==== ENTRIES SHOWN
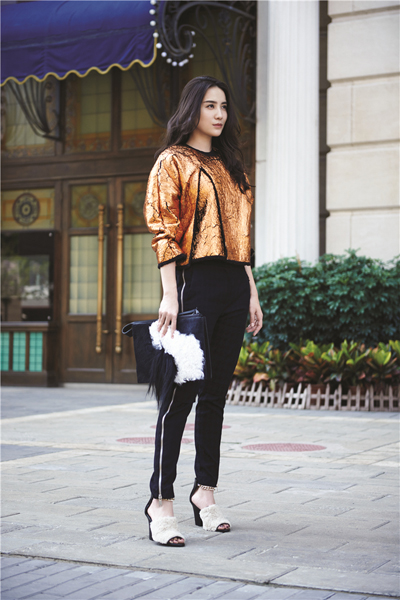 金色被冠以“土豪”这个身份后,仿佛一切有关金色的单品都被隔离出了时尚。但宋佳告诉你,没有什么可以阻挡, 我对金色的向往!金色裂纹羊绒上衣,轻松舒适,街头式的玩趣态度格外抢眼。羊绒手包和足尖上的羊绒,和谐呼应;黑色九分裤尽显运动风。恭喜宋佳成功为金色正名!
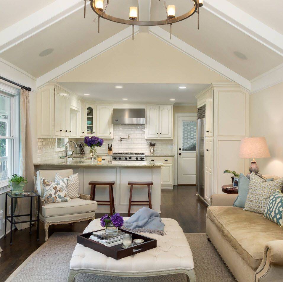 Кухня, соединенная с гостиной и оформленная в светлых тонахИсточник stroy-podskazka.ru
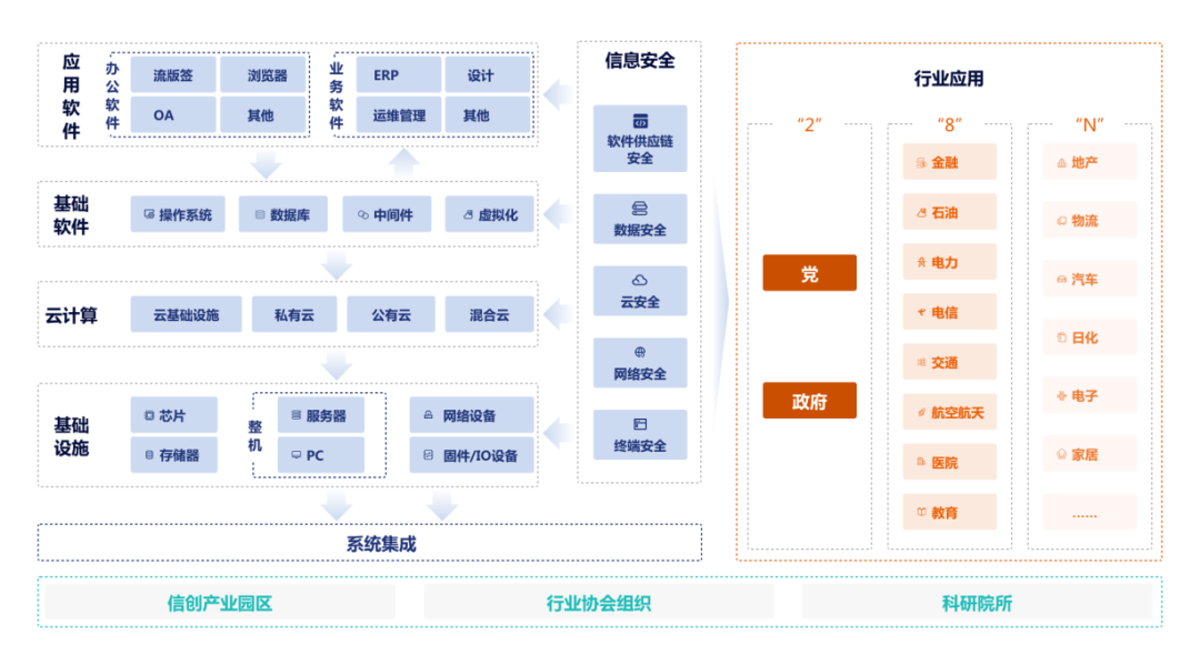 信创产业,即信息技术应用创新产业,是我国 IT 产业发展升级采取的长期计划。信创建设从党政试点,关键行业逐步推广(2+8+N),逐步建立自主的 IT 底层架构和标准,实现全IT全产业链实力和结构的优化升级,主要包含IT基础设施、基础软件、应用软件和信息安全等板块。
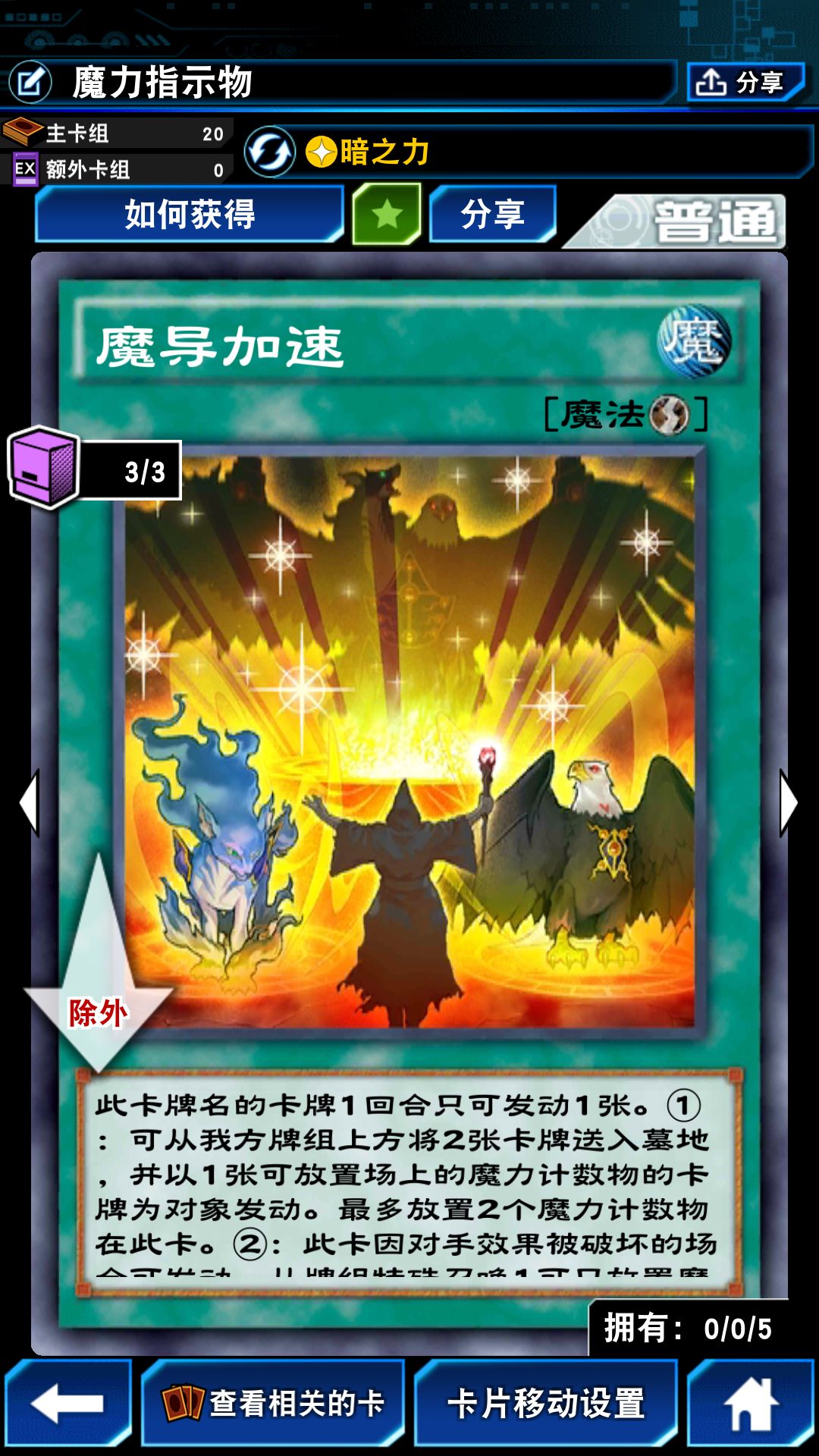 魔力引导者配合魔导加速可以直接四个魔力指示物,如果丢弃的有怪兽卡就直接可以特招怪兽,感觉这个魔导加速就是专门为这些需要3个以上魔力指示物的怪兽卡量身定制。
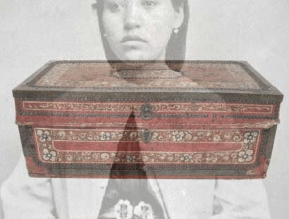 “Small Chinese trunk: Small Chinese chest that once belonged to James Tilton Pickett, 1820-ca. 1850. Rectangular with hinged lid. Round brass ring on front of lid. Escutcheon that is roughly triangular at center top of front of chest. Chest made of wood, possibly camphorwood, with exterior surface covered with red dyed leather. Painted design in large border pattern forming rectangles on lid, front and ends. Four petaled flowers at corners and series of fines with curled leaves and additional flowers along band. Lid edge fitted with brass. Between the design and brass is a double row of brass tacks. A single row of brass tacks extends around the floral design at the center of the lid. Similar design and tack ornamentation on sides and front of box. At either end is curved brass handle. Back is paintged red but without further decoration. Base is raised with wood strips extending around edges. Interior is undecorated but with smooth finished wood. On left side is a flat brass rod designed to hold up lid. This type of trunk was sold by the Hudson’s Bay Company. Note an image of a Haida woman is overlayed over the trunk. ~ Source: Hudson Bay Company property of Mrs. Pickett ~ Creator: China ~ Date: 1820-1850“
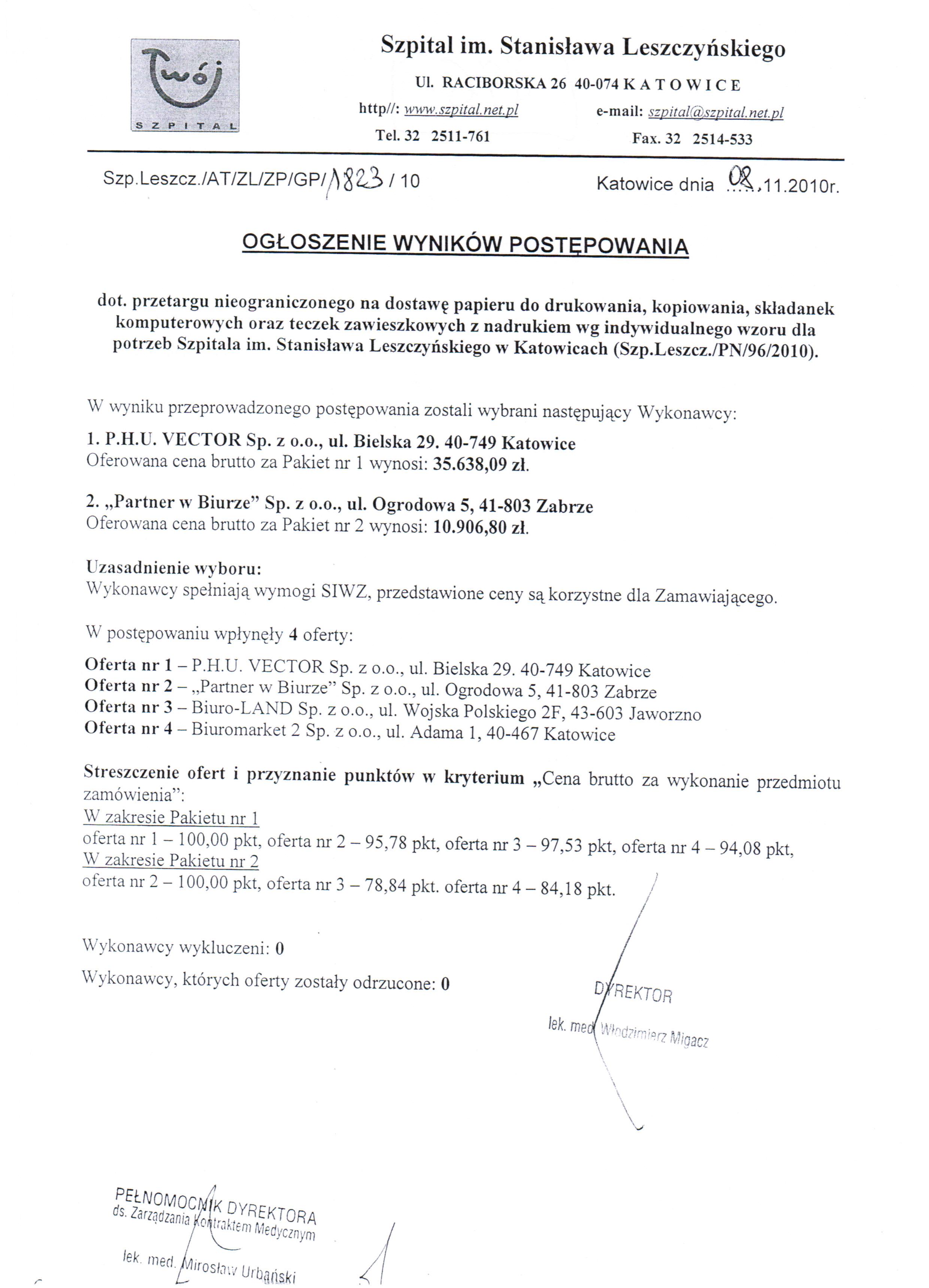 w dniu 21.10.2010r. o godz. 11:00 w Szpitalu im. Stanisława Leszczyńskiego w Katowicach ul. Raciborska 28, budynek Przychodni, II piętro, Sekcja Zamówień Publicznych.
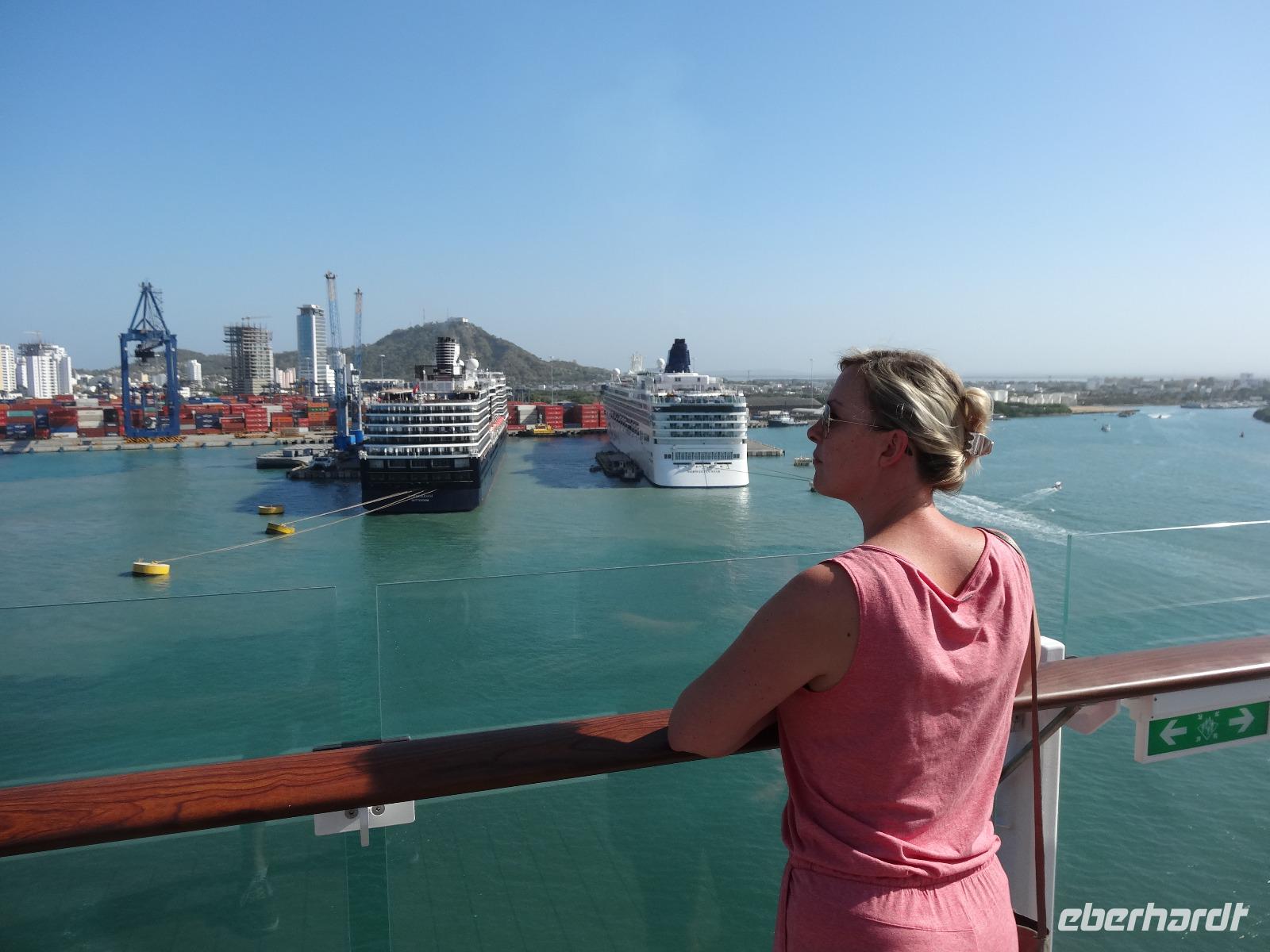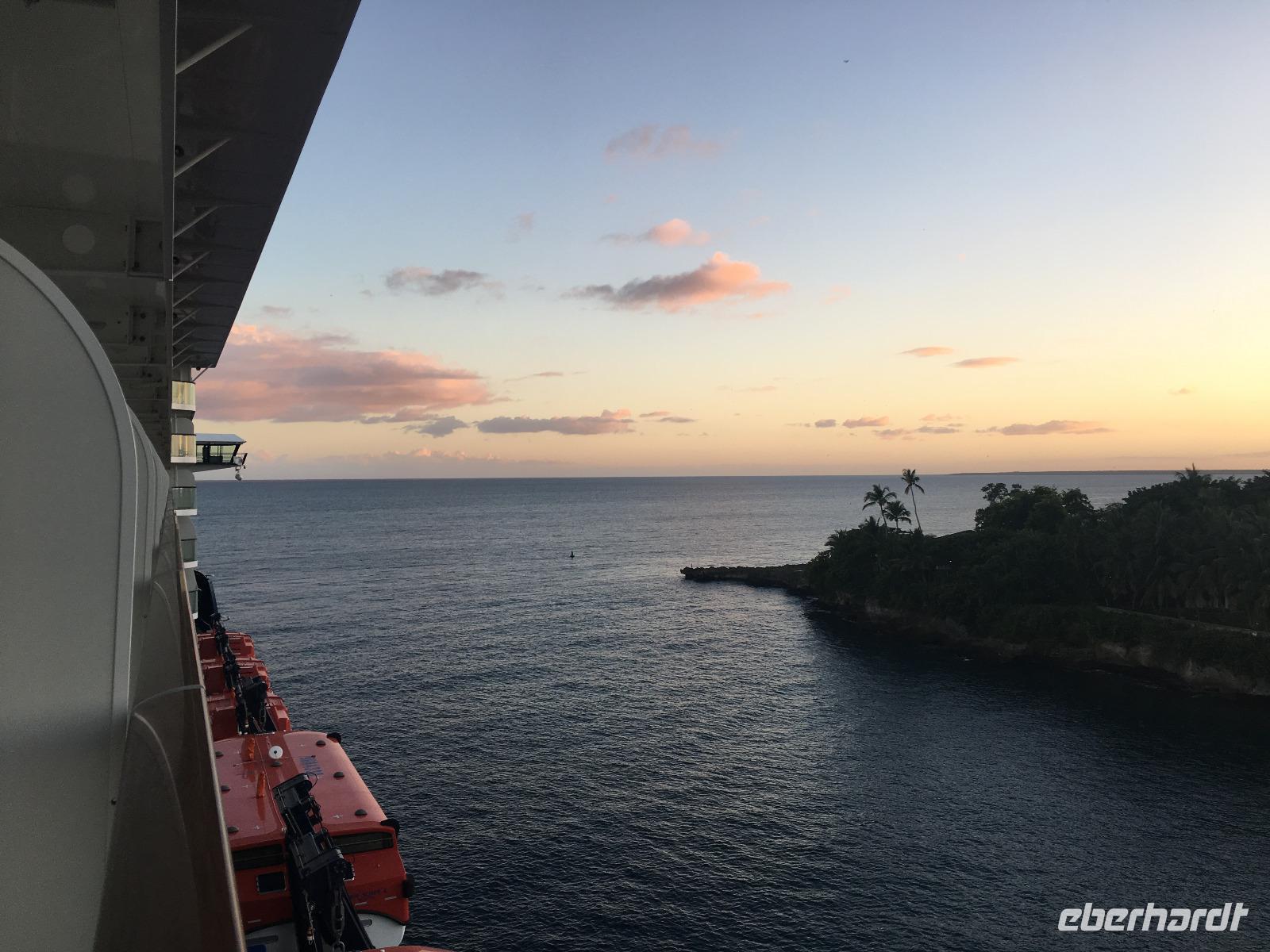 Bereits am späten Abend haben wir unsere Koffer vor die Kabine gestellt, damit wir diese heute Nachmittag am Terminal in Empfang nehmen können. Ein letztes üppiges Frühstück an Bord, dann müssen wir spätestens 9.00 Uhr unsere Kabinen verlassen und uns den Ausreisestempel bei den Dominikanischen Behörden im Atelier abholen. Wir genießen die letzten Stunden auf unserem Wohlfühlschiff an unseren jeweiligen Lieblingsplätzen, schlemmen noch eine Kugel Schoko-Chili-Eis am Pool und bummeln übers Schiff ...
========
*EXERCISE GOAL*.
Up in the listing, locate the line with "Кухня, соединенная с"; print it and every line after it down to the line with "IT 产业发展升级采取的长期计划。信创建设从党政试点,关键行业逐步推广(2+8+N),逐步建立自主的 IT", which is included too. Skip the pictures.

*THE ANSWER*.
 Кухня, соединенная с гостиной и оформленная в светлых тонахИсточник stroy-podskazka.ru
 信创产业,即信息技术应用创新产业,是我国 IT 产业发展升级采取的长期计划。信创建设从党政试点,关键行业逐步推广(2+8+N),逐步建立自主的 IT 底层架构和标准,实现全IT全产业链实力和结构的优化升级,主要包含IT基础设施、基础软件、应用软件和信息安全等板块。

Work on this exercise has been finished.